Lopes-Lima et al.28 reviewed the current knowledge on diversity and conservation of freshwater mollusks defining and using eight knowledge shortfalls, which we also endorse for other taxonomic and ecological groups (related to the taxonomy, distribution, population parameters, evolution, ecological valences, traits, biological relations, and conservation). We expand this framework by identifying two more knowledge gaps: (9) the ecological knowledge gap (ranging from communities to ecosystems), which we term the Odum Shortfall (after Eugene P. Odum), and a synthetic approach, namely (10) the mathematical-informatical system of linking multiple data sets from many dimensions, for analysis, illustrative methods and interpretative tools, which we call the Hawking Shortfall (in honor of Stephen Hawking). Our work adds a new step by addressing the problem of multiple response matrices (in our case, native and AIS components of freshwater mollusk communities) linked to multiple predictor data tables. The applications are numerous: the most pragmatic are linked to the conservation of native species and communities, management of invasive species, land use, and riverscape research and management.

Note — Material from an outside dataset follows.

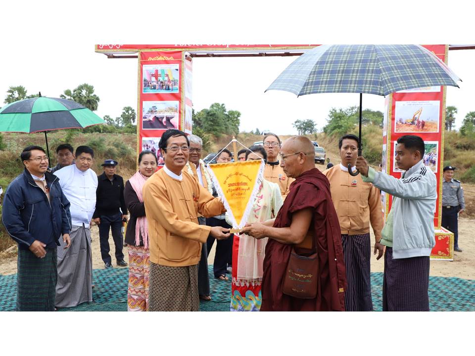 မိမိတို့ တိုင်းဒေသကြီးအစိုးရအဖွဲ့အနေဖြင့်လည်း ငါးကင်း-ကံသုံးဆင့်-ကျောက္ကာ(တ) လမ်းပိုင်းများ ဖြစ်သည့် မုံရွာမြို့နယ်အပိုင်းတွင် ၂၀၁၆-၂၀၁၇ ဘဏ္ဍာနှစ်၌ Box Culvert (၁)စင်း၊ ကျောက်ရိုးစီ ကွန်ကရစ်တံတား(၂)စင်း၊ ကုန်ကျငွေကျပ် (၃၈ ဒသမ ဝဝ)သန်း နှင့် ၂၀၁၈-၂၀၁၉ ဘဏ္ဍာနှစ်၌ ကျောက်လမ်း (၂/၂ဒသမ၇)မိုင်ကို ကုန်ကျငွေ ကျပ်(၁၄၆ ဒသမ ၆၀) သန်းဖြင့် လည်းကောင်း၊ အရာတော်မြို့နယ် အပိုင်းတွင် ၂၀၁၈-၂၀၁၉ ဘဏ္ဍာနှစ်၌ ဂျင်းလမ်း(၀/၆)မိုင်၊ ကုန်ကျငွေကျပ်(၂၇)သန်း၊ ကျောက်လမ်း(၁)ဖာလုံ၊ ကုန်ကျငွေကျပ်(၆ ဒသမ ၆၀၀)သန်းဖြင့် လည်ကောင်း၊ မြင်းမူမြို့နယ် အပိုင်းတွင် ၂၀၁၈-၂၀၁၉ ဘဏ္ဍာနှစ်၌ လွှတ်တော်ရန်ပုံငွေဖြင့် ကွန်ကရစ်လမ်း(၀/၂ ဒသမ ၅)မိုင်၊ ဂျင်းလမ်း (၀/၄ ဒသမ ၅) မိုင် နှင့် Box Culvert (၁)စင်း ကုန်ကျငွေကျပ် (၄)သန်းဖြင့် လည်းကောင်း ဆောင်ရွက်ပေးခဲ့ပြီး ဖြစ်ကြောင်း၊ မိမိတို့တိုင်းဒေသကြီးအတွင်း ကျေးလက်လမ်းတံတားများ ကောင်းမွန်ရေးအတွက် စိတ်အားထက်သန်စွာနဲ့ ပါဝင်ဆောင်ရွက်ခဲ့တဲ့ ဓမ္မစေတီဆရာတော်၊ အလှူရှင်များ နှင့် ကျေးရွာပြည်သူများအား အထူးကျေးဇူးတင်ရှိကြောင်းနှင့် ကျေးရွာနေ ပြည်သူများမှ လမ်း၊ တံတားများ ရေရှည်တည်တံ့အောင် ဝိုင်းဝန်းထိန်းသိမ်း ဆောင်ရွက်ပေးကြဖို့” တိုက်တွန်းကြောင်း ပြောကြားခဲ့သည်။

To understand the big picture, we conclude that a transition in methodology is required for linking and comparatively analyzing native and AIS communities while simultaneously considering their relations to the environment, space, human pressure, functional traits, and other data sources. This means using an unlimited number and types of explanatory data tables constraining sites and species (rows and columns). Possible alternatives to these techniques consist of newly developed methods for quantifying and comparing n-dimensional hypervolumes57. Here we demonstrate a methodology that can accomplish these goals by transitioning from "variables to matrices" and from "multivariate to the multi-matrix statistical modeling", some elements that support what we have earlier termed as an "omni-spaces explanatory communities ecology"45.